Wir sind als Europäisches Parlament mit dem Handelsausschuss, mit den zuständigen Berichterstattern, regelmäßig mit den Verhandlungsführern der Kommission zusammen. Wir können im Parlament nicht sagen, wir seien nicht informiert. Die Abgeordneten haben Zugang zu allen wesentlichen Verhandlungsdokumenten. Schließlich muss das Europaparlament dem Ergebnis der Verhandlungen ja auch zustimmen.
Mögen Sie eine Prognose wagen, wann das Freihandelsabkommen unterzeichnet wird?
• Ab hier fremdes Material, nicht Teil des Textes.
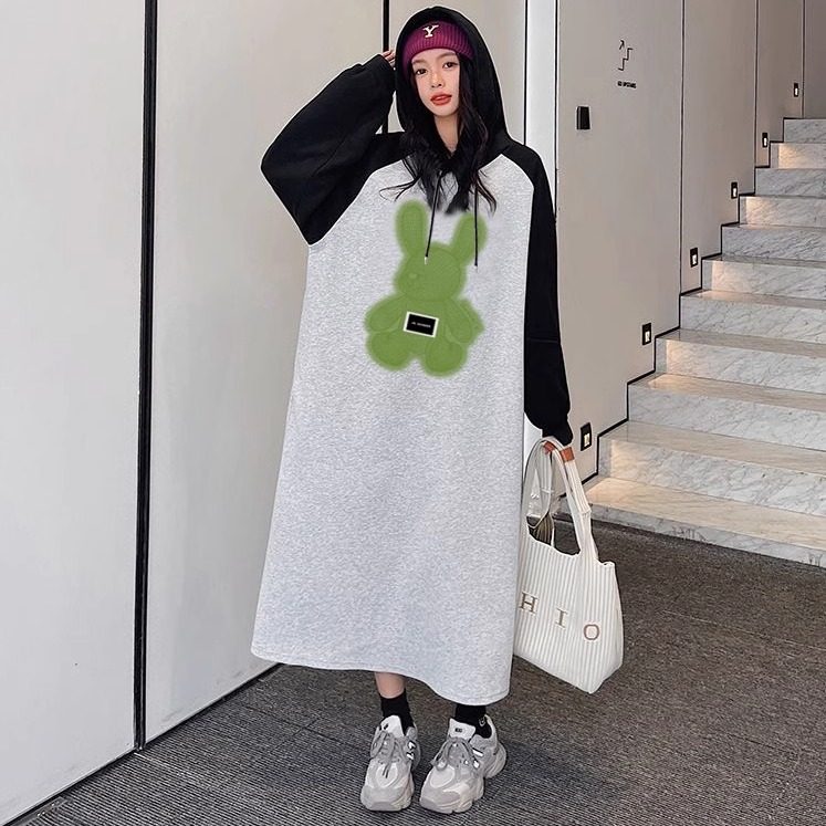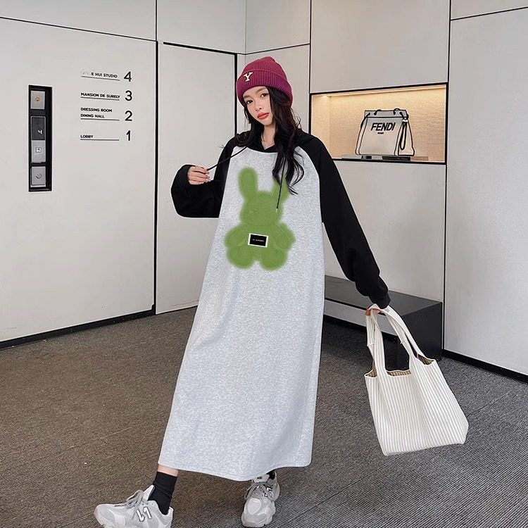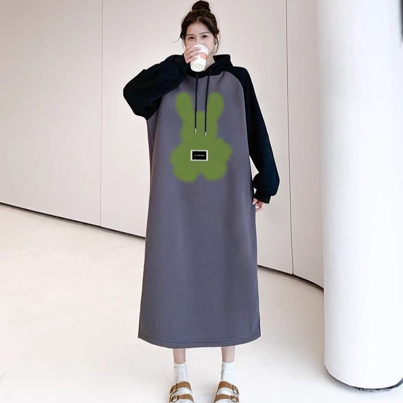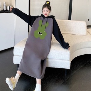 宽松显瘦孕妇连衣裙 韩版 2024时尚 撞色拼接卡通连帽卫衣裙早秋新款
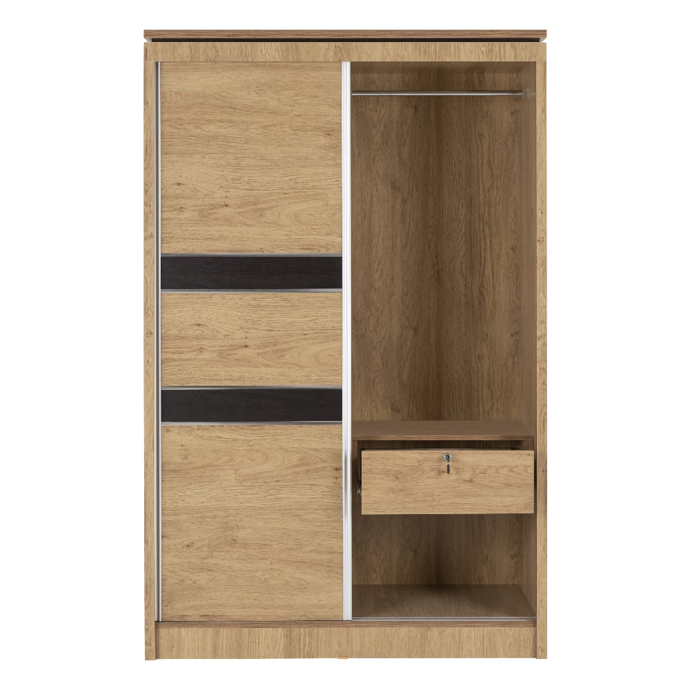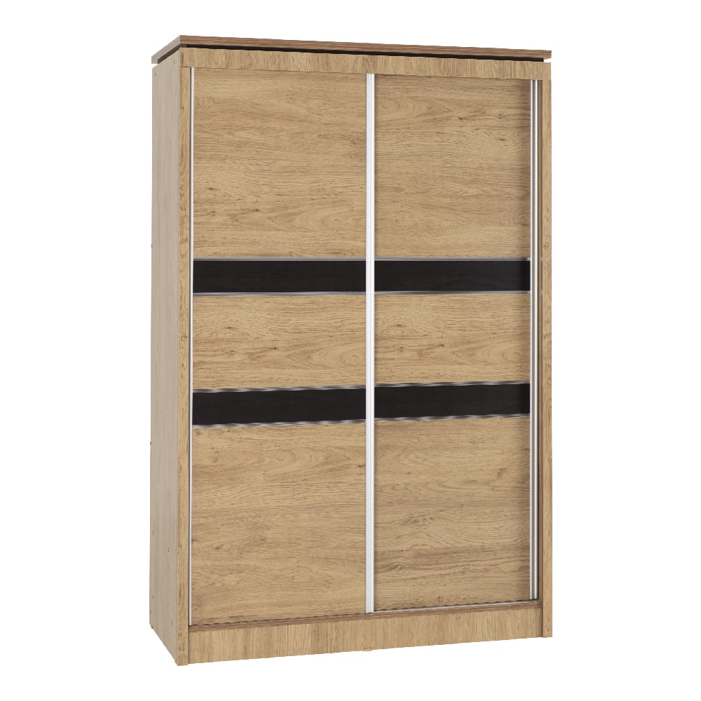 CHOICEWARDROBE Crieff 120cm Oak Effect Sliding Wardrobe – 2 Doors with Black Stripe Detail | Space-Saving Modern Design
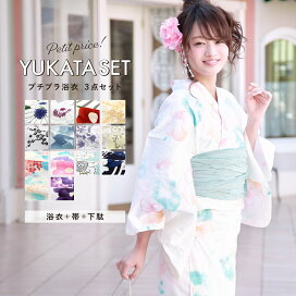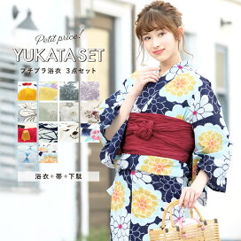 浴衣 3点セット(浴衣/帯/下駄) 赤 エンジ レッド ピンク 菊 桜 縞 椿 朝顔 金魚 水玉 梅 市松 紫陽花 向日葵 レトロ
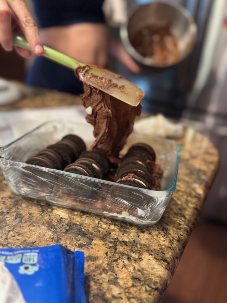 - 22 cream-filled cookies (like Oreos): 16 whole, 6 broken into small pieces for topping
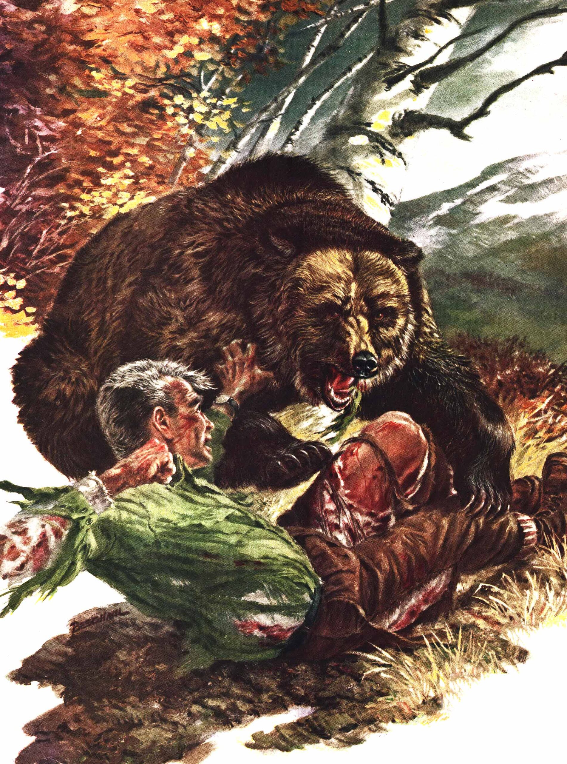 He didn’t idiot round. He sank his enamel into the again of my proper leg simply above the knee and pulled me down with one savage yank. I landed on my again, and we tussled for a couple of seconds. I wound up in a sitting place, with the bear’s left entrance leg throughout each of mine, pinning me to the bottom. Along with his enamel, he grabbed me·by the within of the thigh slightly below the crotch, and in a single deep, deliberate chew tore away a strip of flesh. Blood spurted, and I braced my self with my left arm and pummeled him within the face with my fist, however he paid no extra consideration than to a fly buzzing round his head.
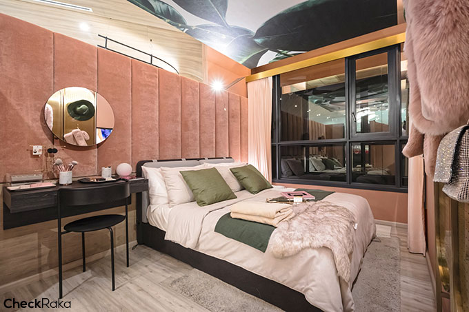มาต่อที่ห้องนอนค่ะ วางเตียงควีนไซส์แล้วยังเหลือพื้นที่รอบๆ อีกเยอะ วางโต๊ะทำงานหรือโต๊ะเครื่องแป้งได้อีก
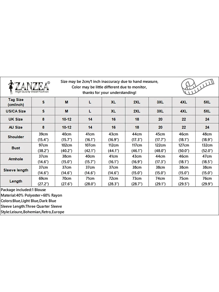 | Package included:1 Blouse Material:40% Polyester+60% Rayon Colors:Blue,Light Blue,Dark Blue Sleeve Length:Three Quarter Sleeve Neckline:Turn-Down-Collar Pattern:Solid Color Buckle chain:Button Cuffs Thickness:Thin Style:Leisure,Bohemian,Retro,Europe Season:Spring,Summer,Autumn,Winter Occasion:Family,Party,Wedding,Holiday,Employment Label: Yes Attentions: 1.The Real Object May Exist Slightly Colors Differences Compared To Images As Different Computers Display.Caution If Minding,Thanks. 2.There Might Be A Manual Measuring 1-3 cm Error.Sorry For Any Inconvenience. 3.Please Prevail On Real Item, Model Images For Reference Only. 4.Attention!!!Please check the size chart carefully before placing the order.
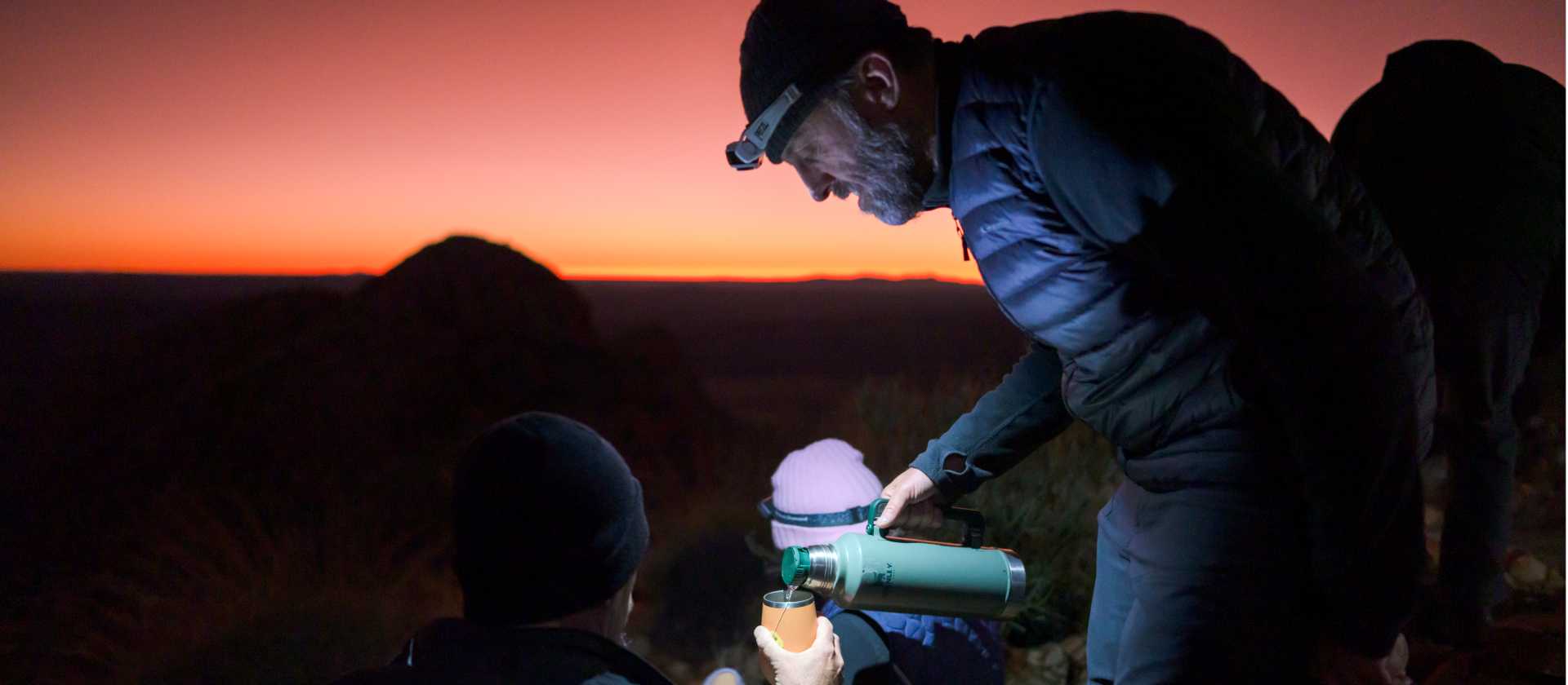 Your guides will have you up early this morning (2-3am) for our pre-dawn walk up Mount Sonder. We'll drive to Redbank Gorge to begin the walk. Weaving your way up to the 1380m summit of this majestic mountain following only the glittering light of your head-torch, surrounded by deep and peaceful darkness, is a truly inspiring experience... and watching the sunrise from the top is unforgettable! Mount Sonder is the official end and highest point of the entire Larapinta Trail and as such we have expansive views across the entire vast landscape we have been exploring over the last few days. We descend to Redbank Gorge and can enjoy a great brunch back at camp. There are options for this afternoon, including resting at camp or swimming at Glen Helen. Walking distance: 16km Driving time: 25 minutes
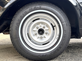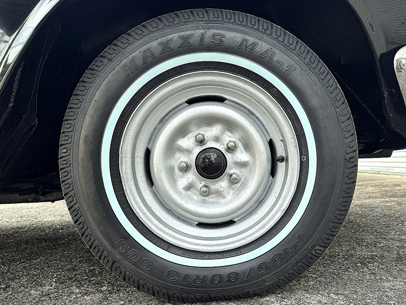 フロントタイヤ、MAXXIS MA-1 P185/80R13 90S M+Sです。ホワイトリボンがとても上品です。 |
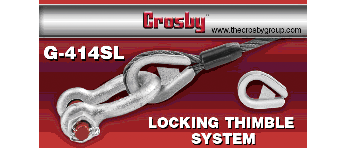 現(xiàn)場作業(yè)時,我們經(jīng)常會發(fā)現(xiàn)有人私自以尺寸規(guī)格不匹配甚至是質(zhì)次的卸扣來替代正常操作使用。從作業(yè)安全的角度來講,這是十分危險的,因?yàn)樗菀讓?dǎo)致作業(yè)中的整條鋼絲繩索具或整個吊索具系統(tǒng)產(chǎn)生結(jié)構(gòu)性的不穩(wěn)定趨勢。為防止出現(xiàn)這樣的安全風(fēng)險,我們推出了G-414SL雞心環(huán)鎖止系統(tǒng)。通過使用帶有鎖止功能設(shè)計(已獲得專利)的雞心環(huán),我們可以防止已加工好的成套鋼絲繩索具上的原裝卸扣被人為故意拆卸掉,這樣方可保證整條鋼絲繩索具在使用時其整體結(jié)構(gòu)的完整性和穩(wěn)定性。
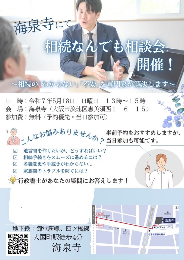 浪速区海泉寺様で相続なんでも無料相談会を開催します。
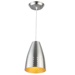 Silver (satin nickel) – white finish, modern aluminum single hanging light. The suspension can be adjusted at time of installation to the desired height. It is maintenance free, comes with an E27 holder, only the change of lamp is required, which is available locally everywhere. Codes of other color variations in the same design – HL3916-B, HL3916-G, HL3916-P, HL3916-Y, HL3950-1. Application includes both residential and commercial premises wherever it matches with your interiors. Can be customized as per requirement in case of bulk quantities. Lamp not included.
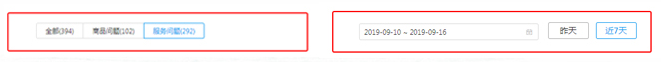第二步:选择想要查询的时间范围,默认是近7天。商家可以选择近1个月内的热门咨询,单次间隔多7天。根据自己的需求筛选查看【全部】或【商品问题】或【服务问题】
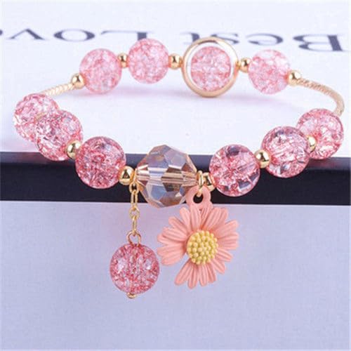 HUASAI Pink Flower Bracelet for Teen Girls Cute Daisy Charm Bracelet Pink Daisy Pendent Crystal Bracelets Summer Jewelry Gifts 7
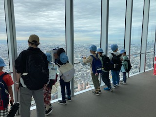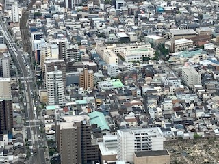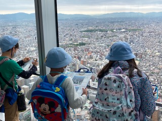 天王寺公園、大阪城、梅田のビル街、通天閣、大阪港、生駒山、淡路島などが見えました。また、丸山小学校を見つけることができました。
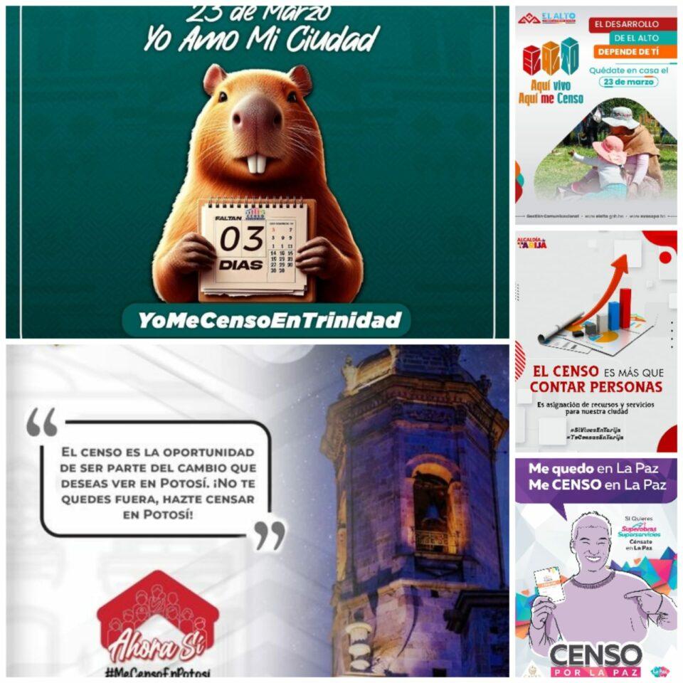 La Paz, 21 mar 2024 (ATB Digital).- A pocas horas para la realización del Censo de Población y Vivienda, los gobiernos municipales de diferentes regiones, de forma particular, en las ciudades capitales, masificaron sus campañas a través de las redes sociales para instar a sus habitantes que se censen en el lugar que residen.
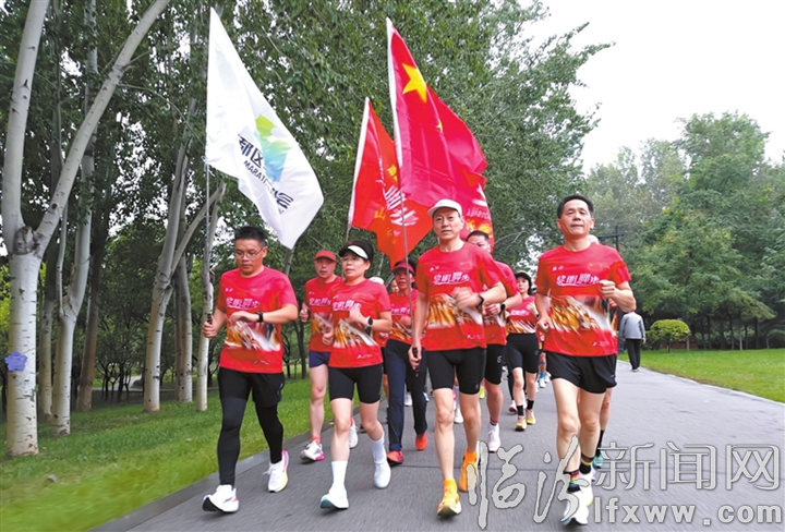 臨汾新聞網訊 10月4日,在市汾河文化生態景區,跑步愛好者們在晨跑。國慶中秋假期,市區公園、健身步道、運動場上健身運動的身影成為最美的風景線,越來越多的市民在運動中享受樂趣、增強體魄。
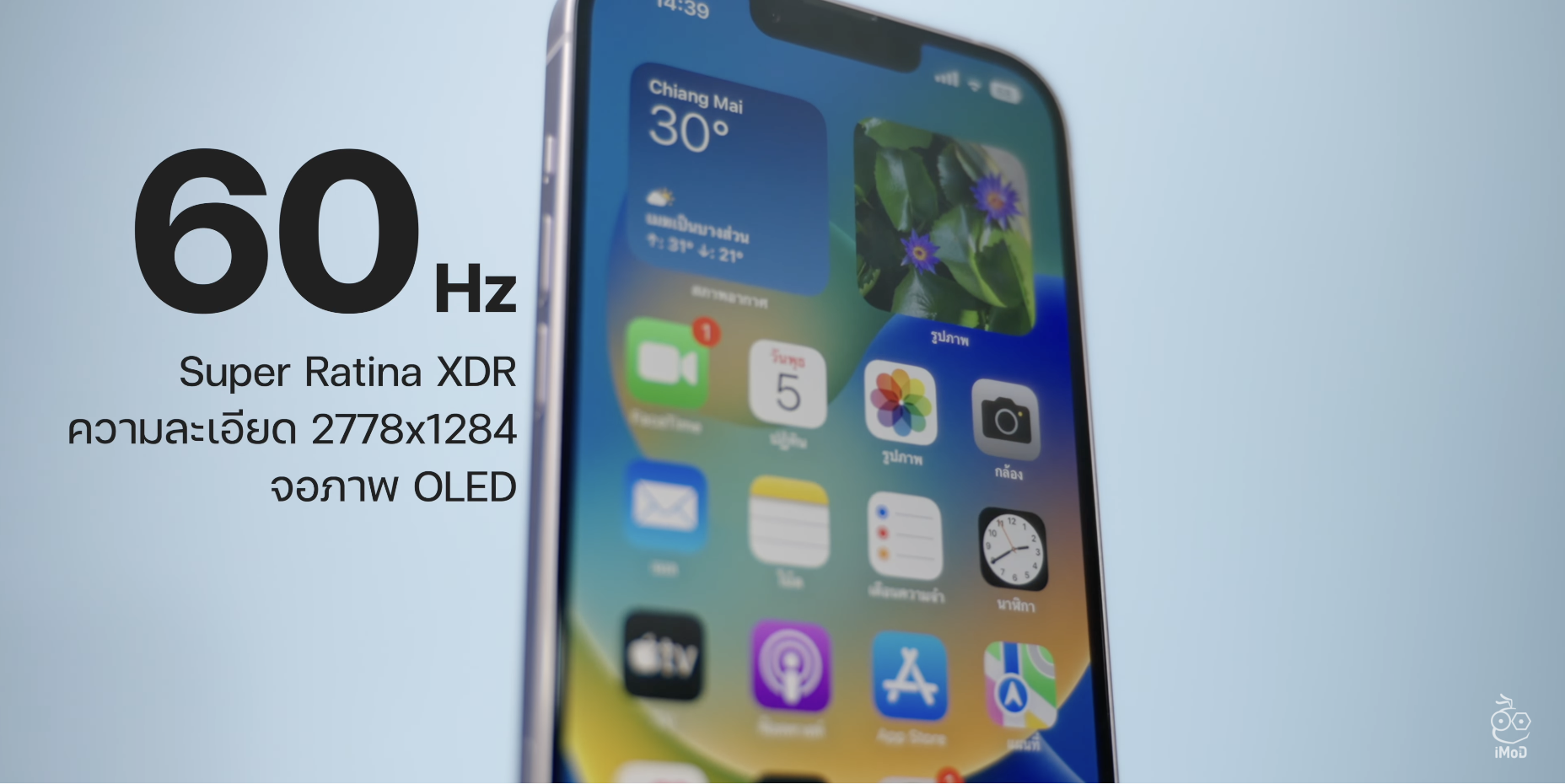 หน้าจอ iPhone 14 Plus มีอัตรารีเฟรชอยู่ที่ 60Hz จอภาพ OLED ความละเอียด 2778×1284 พิกเซล
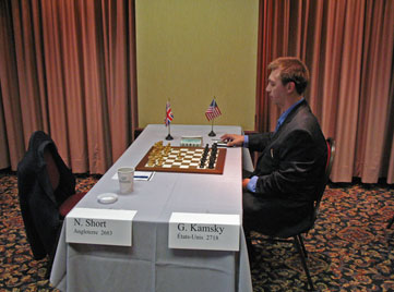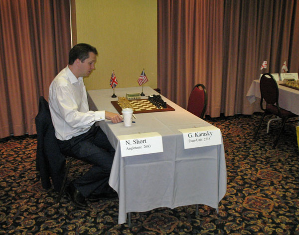 Подошло время начинать, и ровно в пять вечера главный арбитр пустил часы. Запаздывал к началу только Гата Камский. Надо сказать, что чувствовалось некое напряжение по поводу того, как встретятся Н.Шорт и Г.Камский. Небольшая предыстория. Н.Шорт "пошел на вы" заранее: еще перед вторым туром, во время пресс-конференции, он резко ответил на вопрос о предстоящей партии с Г.Камским. Завершая ответ, Н.Шорт сказал буквально, что победа именно в этой игре доставит удовольствие как никакая другая. Накануне он озадачил организаторов, попросив заменить английский флаг, - красный крест на белом поле, - на британский Юнион Джек, хотя надпись о том, что гроссмейстер Н.Шорт представляет именно Англию, не изменилась. Неизвестно точно, была ли эта замена связана с предстоящей партией или нет, "после этого - не значит вследствие этого", но можно предположить, что была.

Das hängt von den politischen Störfeuern ab. Es wird ja alles miteinander in Verbindung gebracht, und es gibt leider vor allem von der linken Seite diese Störfeuer, beispielsweise den Versuch, die NSA-Affäre mit den Verhandlungen untrennbar in Verbindung zu setzen, obwohl das eine ganz andere Geschichte ist. Eigentlich könnte man sehr schnell sein und in ein bis zwei Jahren die ersten Ergebnisse haben. Aber wenn man jetzt blockiert und Argumente vorschiebt, die mit der Sache an sich nichts zu tun haben, dann kann das auch eine Never-Ending -Story werden.